Еще две недели — и темные стены форта окутались нежно-зеленым облаком листвы. Какие запахи, какой разгул все заливающей молодой зелени! В зеленых рамках леса синела обновленная даль, оттуда неслись тайные призывы, тени воздушных странниц бродили по земле, и у меня кружилась голова и сладко ныло в груди.
Дежурства отменили, и поселяне вышли в лес с топорами. Много было споров о том, готовить ли пашню сообща или разделить ее на участки. Кто победней, стоял за общность, зажиточные хлопотали о разделении, и они одолели. На участках затрещали костры, от корней обреченных деревьев повалили сизые клубы дыма, и, обгорелые, они с пушечным гулом валились на землю. И вот на реке раздалось:
— Хей-йо! Я иду к тебе, Большая Мать!
Челн Плывущей Навстречу, кивая расписным носом, вспарывал дрожащее серебро реки, и солнце бежало впереди него в полосато-синей воде. Похудевшая Утта стоя гнала челнок, она улыбалась, косы били ее по плечам. Бедняга Генри как увидал свою возлюбленную, так и замер у берега, схватившись руками за ветви. Он вошел в воду и притянул челн к берегу, потом поднял девушку на руки и понес ее на землю. Все это видели в поселке. Видела и Люси Блэнд.
Моя бабка встретила Утту раскрытыми объятиями.
— Долго же ты пропадала, маленькая дочь. Я так по тебе скучала!
По своему обычаю, Утта склонила голову к плечу и в этой позе посмотрела на нас с Генри искоса — не то лукаво, не то задумчиво.
— Молодые люди пусть работать, — объявила она, — Утта с тобой говорить, много говорить. Большое слово висеть Утта за плечами.
Мы с Генри отправились на наш участок корчевать оставшиеся от пожарища пни.

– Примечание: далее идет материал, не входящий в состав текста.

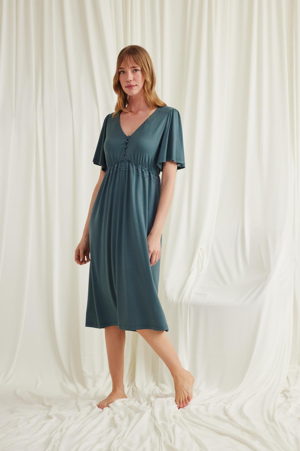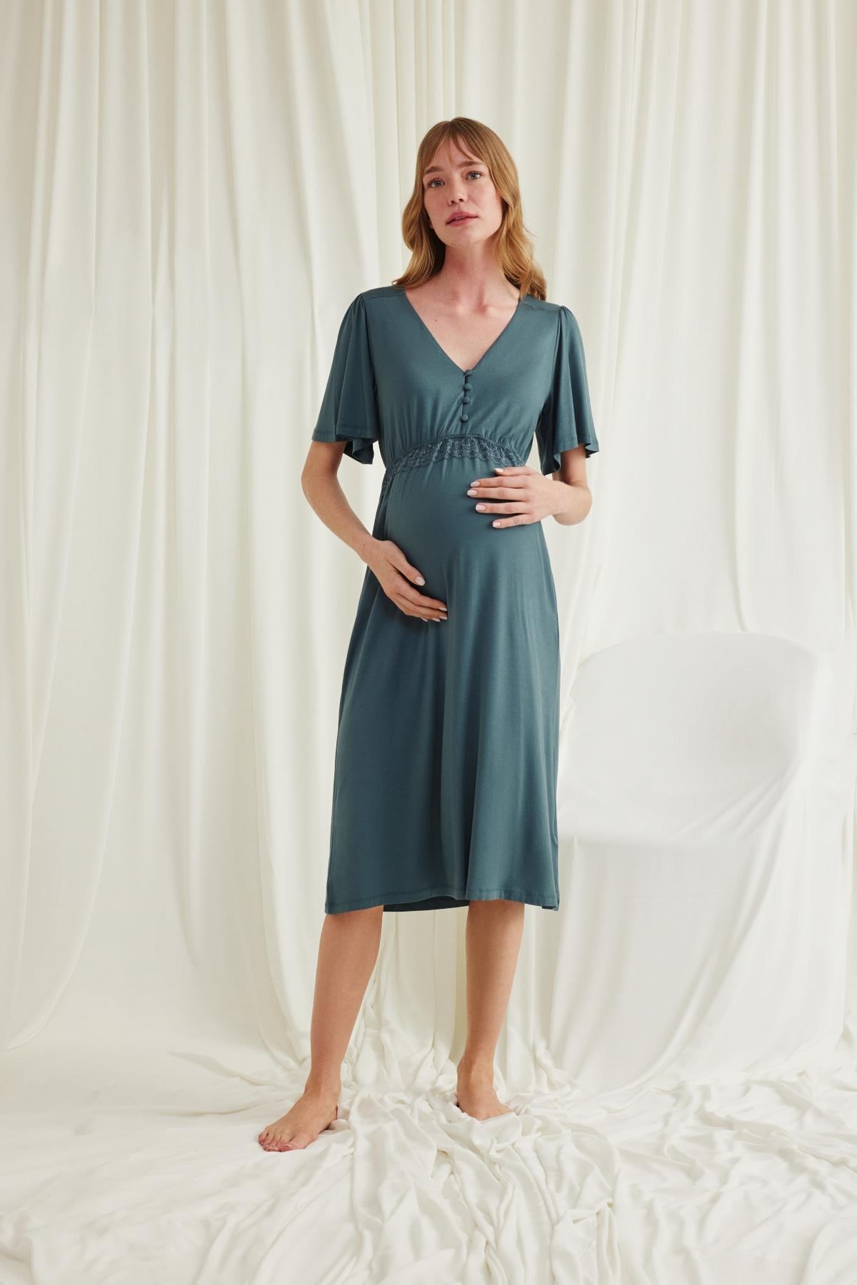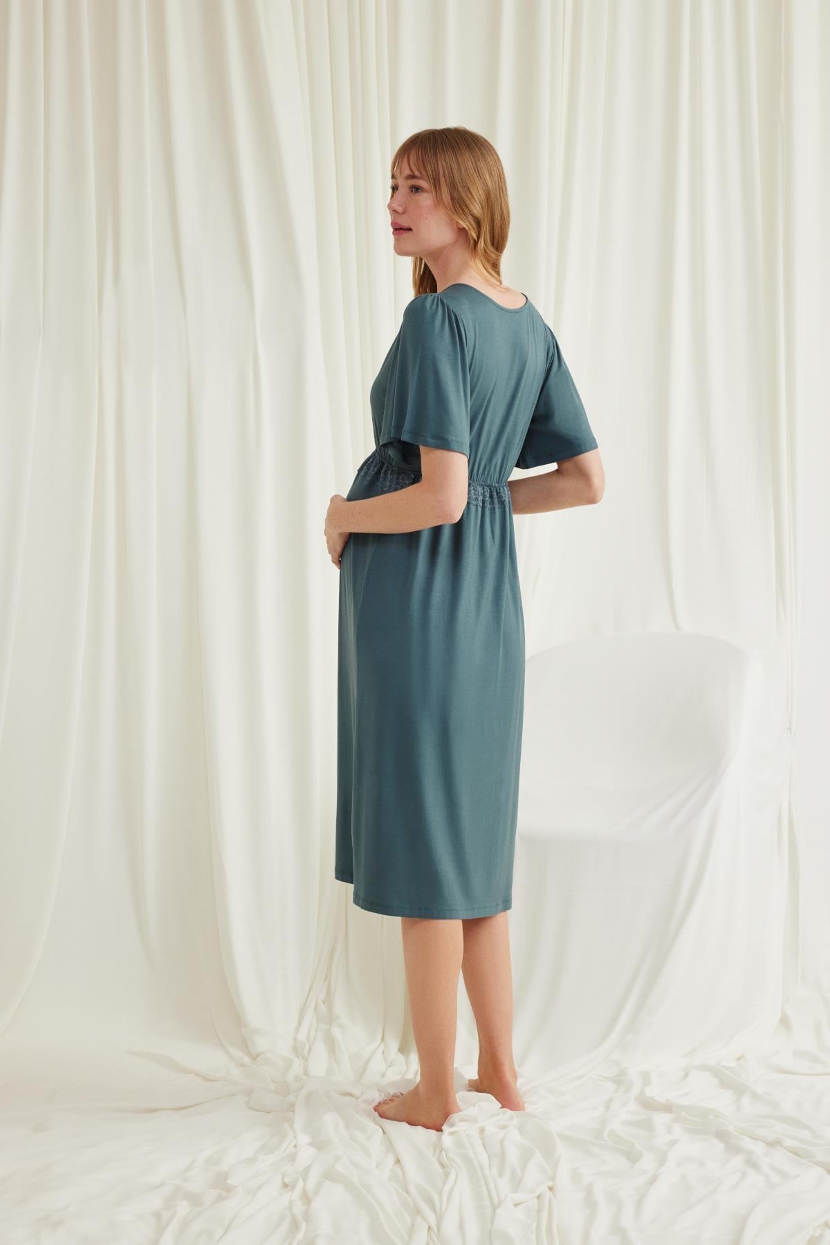 Gecelik: Yeşil renklidir, V yakalıdır, kolu ve beli dantellidir, yakasının altı düğmelidir, emzirme için düğmelerden açılır durumdadır, kısa kolludur, örme kumaştır. Materyal %94 Viskon %6 Elastan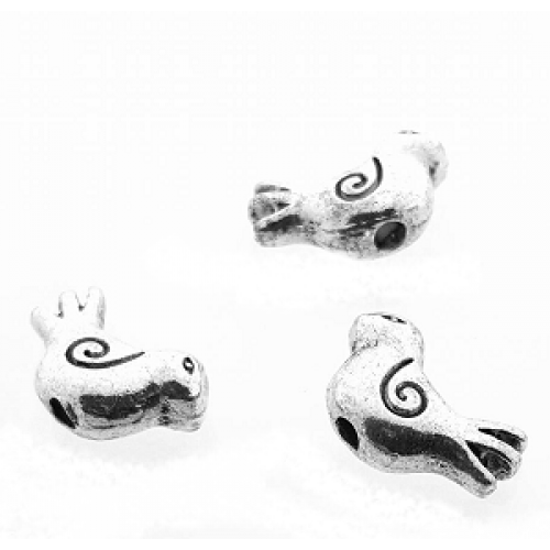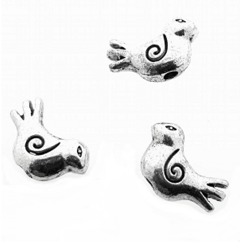 Spacer - Tussenkraal - Vogel - zilveren metaal tibetan - massief 3D

Понятное дело, помощник у меня был никудышный: сидел на пне и все толковал о своей любезной.
А когда Утта вышла из нашего дома, ее челн пылал. Он был наполовину вытащен на берег, разбит ударами топора и подожжен, и веселое пламя пожирало его остатки. И, шипя, сыпались в воду маленькие угольки — то, что осталось от кормы.
— Кто это сделал? — бегая по берегу, кричал Генри. — Кто посмел сжечь челн? Я хочу знать имя этого негодяя!
Поселок молчал. В лесу по-прежнему трещали костры и падали деревья. Утта стояла у останков челна с окаменелым лицом, и в глазах ее застыло недоумение. Вызванный мною Питер, не глядя на останки челна, сказал девушке:
— Случайная искра от костров. Мы подарим тебе новый, Утта.
Она подняла с земли женский шерстяной поясок, охватывающий несколько хворостинок, и подала его Питеру. После этого Плывущая Навстречу скорыми шагами пошла по берегу прочь. Генри шел рядом и что-то говорил. Но она не отвечала ни слова и не смотрела на него.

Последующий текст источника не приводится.